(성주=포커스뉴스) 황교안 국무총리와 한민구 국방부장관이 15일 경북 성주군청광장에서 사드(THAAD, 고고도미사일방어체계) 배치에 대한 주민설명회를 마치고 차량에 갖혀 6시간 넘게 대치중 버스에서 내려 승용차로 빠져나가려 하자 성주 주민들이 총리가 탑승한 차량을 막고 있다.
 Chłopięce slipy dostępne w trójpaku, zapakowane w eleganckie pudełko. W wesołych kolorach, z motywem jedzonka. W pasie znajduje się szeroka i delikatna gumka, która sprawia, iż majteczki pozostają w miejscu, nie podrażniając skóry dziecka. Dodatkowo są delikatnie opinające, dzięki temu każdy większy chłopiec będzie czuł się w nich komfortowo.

---

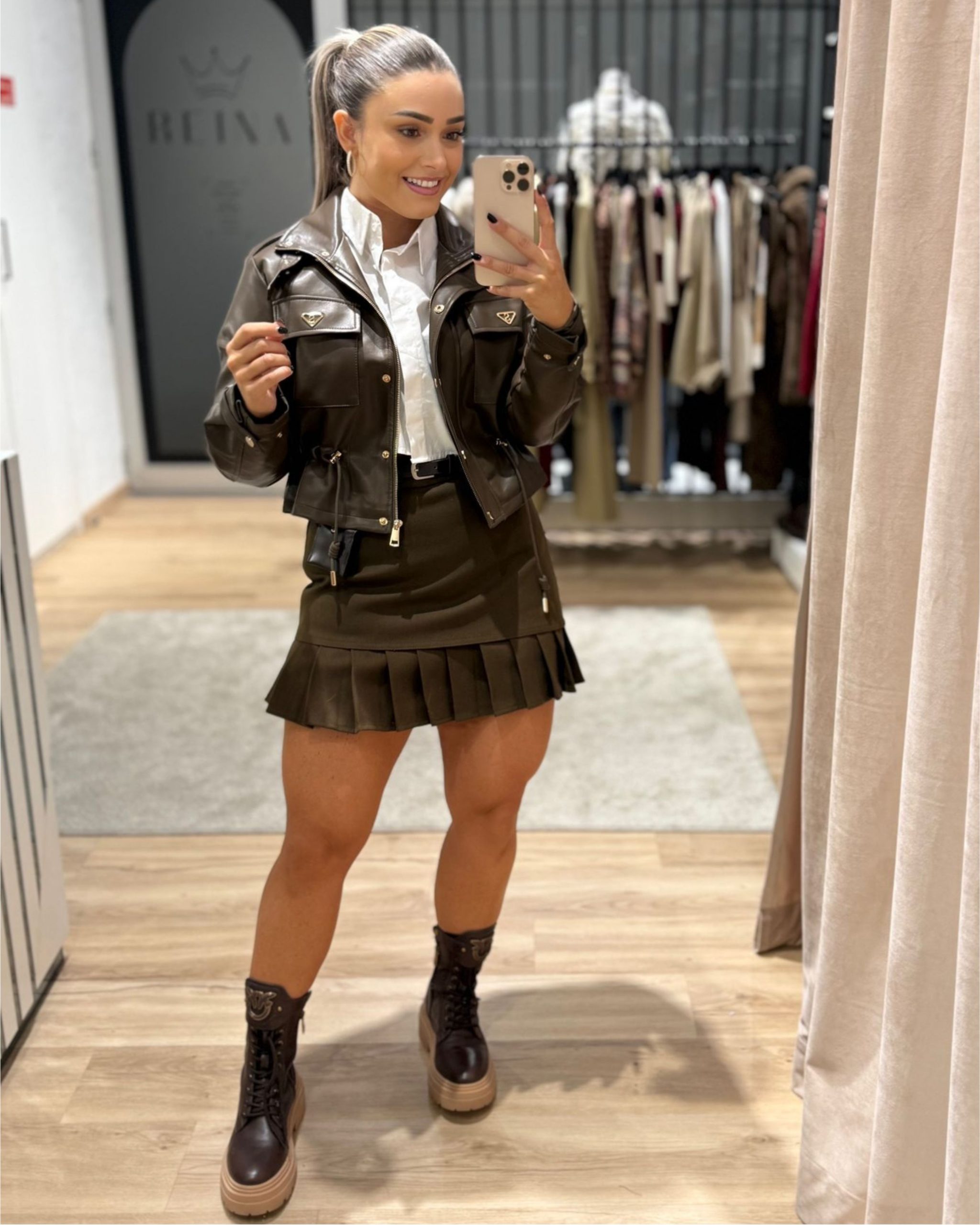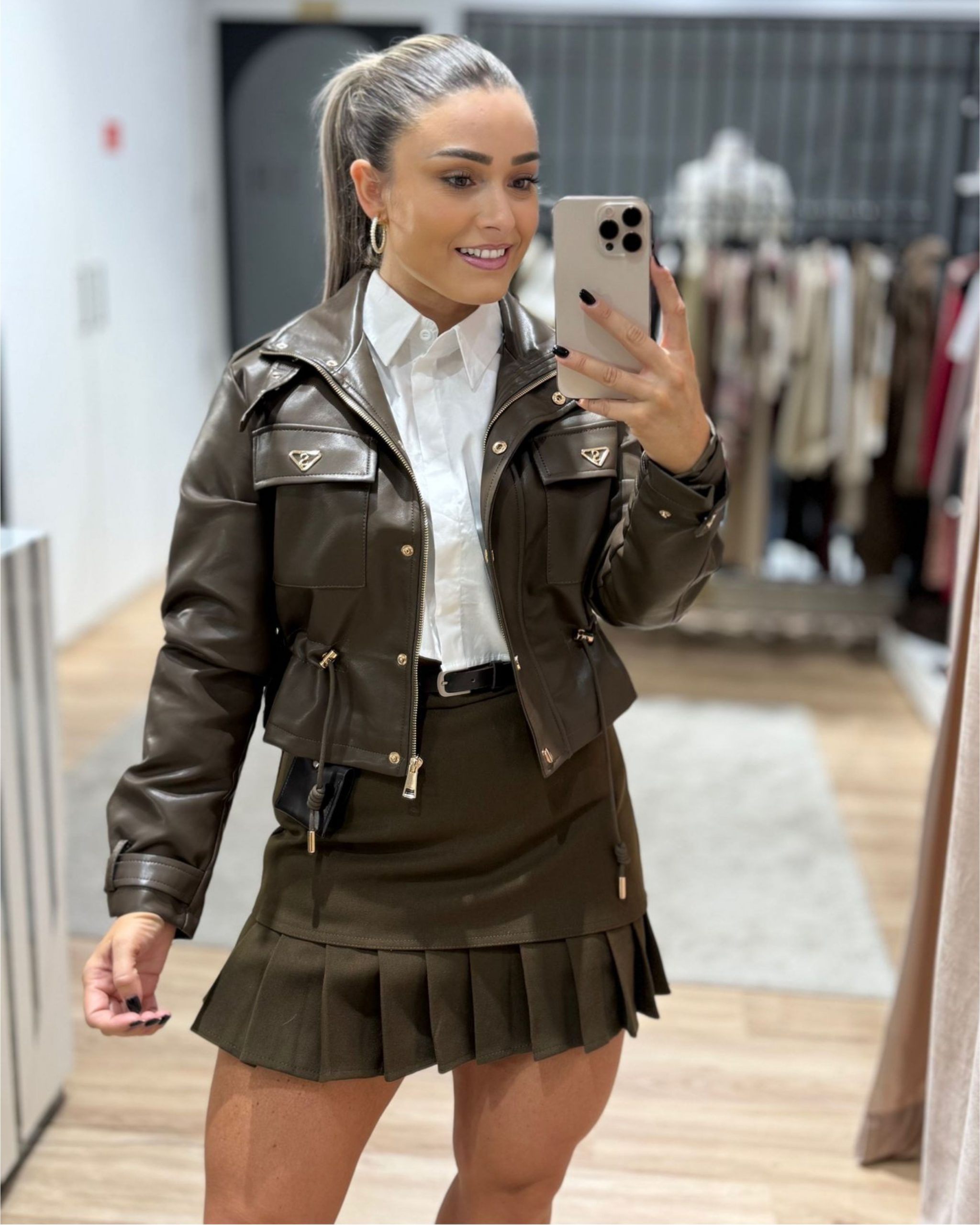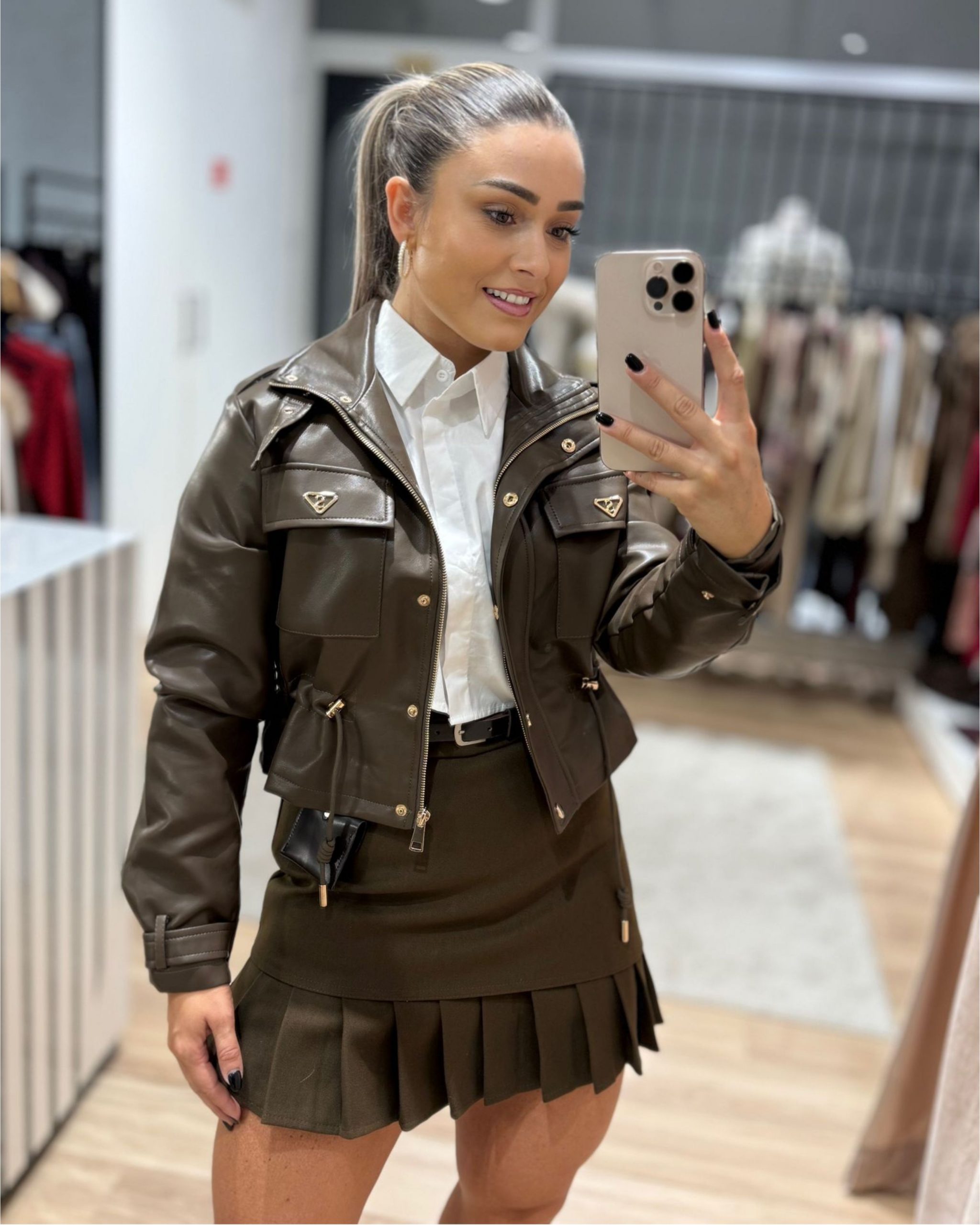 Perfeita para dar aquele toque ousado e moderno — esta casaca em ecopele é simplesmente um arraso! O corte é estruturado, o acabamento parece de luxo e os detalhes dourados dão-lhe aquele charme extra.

# [EXERCISE INSTRUCTIONS]
Using the data above, reproduce exactly the lines between those holding "(성주=포커스뉴스) 황교안 국무총리와" and "Chłopięce slipy dostępne", inclusive, and no others.

# [EXERCISE SOLUTION]
(성주=포커스뉴스) 황교안 국무총리와 한민구 국방부장관이 15일 경북 성주군청광장에서 사드(THAAD, 고고도미사일방어체계) 배치에 대한 주민설명회를 마치고 차량에 갖혀 6시간 넘게 대치중 버스에서 내려 승용차로 빠져나가려 하자 성주 주민들이 총리가 탑승한 차량을 막고 있다.
 Chłopięce slipy dostępne w trójpaku, zapakowane w eleganckie pudełko. W wesołych kolorach, z motywem jedzonka. W pasie znajduje się szeroka i delikatna gumka, która sprawia, iż majteczki pozostają w miejscu, nie podrażniając skóry dziecka. Dodatkowo są delikatnie opinające, dzięki temu każdy większy chłopiec będzie czuł się w nich komfortowo.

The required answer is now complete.